By Maximilian Clarke
Turning the ‘golden public sector pensions’ argument on its head, the Trades Union Congress have today criticised private sector pensions as ‘unfair’ in a bid to drum up support for the impending strikes.
Critics of public sector pensions say that public sector pension provision should be made more like that in the private sector. But the TUC report A Race to the Bottom, which analyses official pensions data, shows that in the private sector:
While private sector defined benefit pensions have been in steep decline, defined contribution (DC) provision has not filled the gap as critics claim, says the TUC. Since 1999 DC pension coverage has only increased by 2.5 per cent of workers, while DB coverage has fallen by 19.1 per cent of the workforce.
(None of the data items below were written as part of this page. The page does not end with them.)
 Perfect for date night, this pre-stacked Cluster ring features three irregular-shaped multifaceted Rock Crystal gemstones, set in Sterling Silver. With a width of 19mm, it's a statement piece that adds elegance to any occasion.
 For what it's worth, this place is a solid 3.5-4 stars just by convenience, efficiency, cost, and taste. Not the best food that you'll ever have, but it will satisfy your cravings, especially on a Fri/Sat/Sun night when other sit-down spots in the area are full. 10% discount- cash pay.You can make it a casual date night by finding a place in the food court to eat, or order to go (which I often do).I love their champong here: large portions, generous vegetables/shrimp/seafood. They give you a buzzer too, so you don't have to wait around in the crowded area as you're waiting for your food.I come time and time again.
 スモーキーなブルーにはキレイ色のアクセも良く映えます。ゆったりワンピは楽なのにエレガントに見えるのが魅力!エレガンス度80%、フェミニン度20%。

Private sector workers should be angry not at public sector workers but at their employers, and successive governments, who have allowed private sector pension coverage to decline so sharply, says the TUC.
In particular the two in three private sector workers with no pension should be livid that they see none of the nearly £30 billion spent on tax relief on pensions each year, two thirds of which goes to the less than one in four taxpayers who earn enough to pay higher rates of income tax.
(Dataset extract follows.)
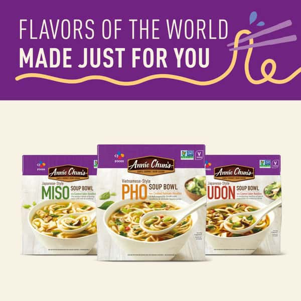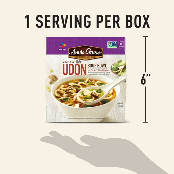 Crafted with care, our Japanese Style Udon Soup Bowl boasts a harmonious blend of our Japanese style broth with hearty Udon noodles that are never fried or dried and are vacuum sealed for freshness. Our comforting medley of bok choy, tofu, Shiitake mushrooms and tender noodles, come together to elevate your eating experience. Enjoy a dish that is crafted with care – whether you’re on-the-go or seeking a quick culinary escape. Immerse yourself in an authentic dish that captures the essence of Asian food culture while relishing in the convenience. With ANNIE CHUN’S Japanese Style Udon Soup Bowl, you’re embarking on a flavor journey that’s rooted in tradition and crafted for modern living. Embrace the perfect balance of taste, your search for the ultimate microwavable delight ends here. Explore the other amazing Asian classics like ANNIE CHUN’S Soup Bowls, Ramen Bowls, Organic Seaweed Snacks, and Organic Nori.

The report also says that millions of private sector pensioners and scheme members will be hit by the government's switch to using the lower CPI inflation measure for pensions indexation in order to save money on public sector pensions.
“The current pensions debate is all about divide and rule,” said the union’s general secretary, Brenden Barber. “Employers have been cutting private sector pensions for years, while usually hanging on to their boardroom specials.
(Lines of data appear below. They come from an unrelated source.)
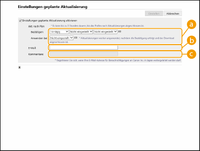 Aktivieren Sie das Kontrollkästchen für [Einstellungen geplante Aktualisierung aktivieren], und konfigurieren Sie die erforderlichen Einstellungen.
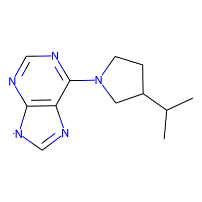 CC(C)C1CCN(c2ncnc3c2N=C[N]3)C1| HBA: | 5 | RingCount: | 3 |
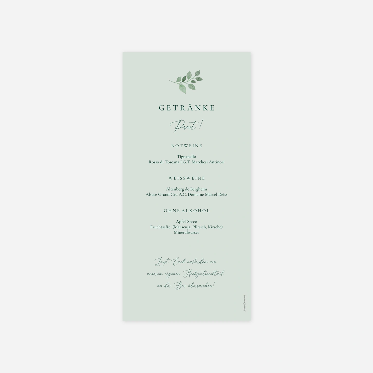 Die Menükarte "Zarte Ranken" begleitet Ihre Gäste geschmackvoll durch den Abend. Sie rundet das Tischbild ab und informiert auf elegante Weise über die kulinarischen Highlights Ihrer Hochzeit.
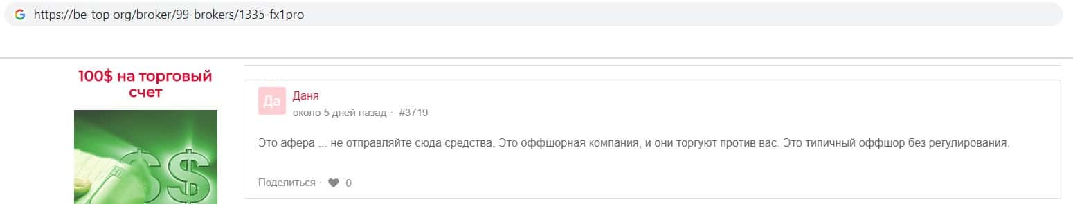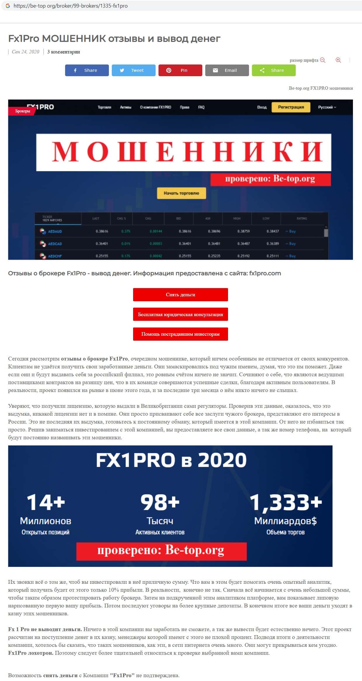 Интернет ресурс be-top org опубликовал статью с информацией о компании ФХ 1 Про, в которой указал, что компания является мошеннической и заработать там не получиться, так же как и не удастся вывести свои средства.

“Pensions in the private sector are deeply unfair, and making public sector pensions more like private sector provision has nothing to do with fairness. It is just part of a long campaign by those on the small-state right to cut public services.
“A typical nurse is being asked to pay an extra £1,000 a year and work longer to get a smaller pension. None of this will help a single private sector worker get a better pension.
"Private sector workers without a pension should not direct their anger at public sector workers, but should be livid at the extraordinary costs of providing pensions' tax relief, with two-thirds of the £30 billion bill going to higher rate taxpayers.
"Millions of workers with private sector pensions are already being hit by the attack on public sector schemes as their pensions are now being uprated by the lower CPI inflation measure."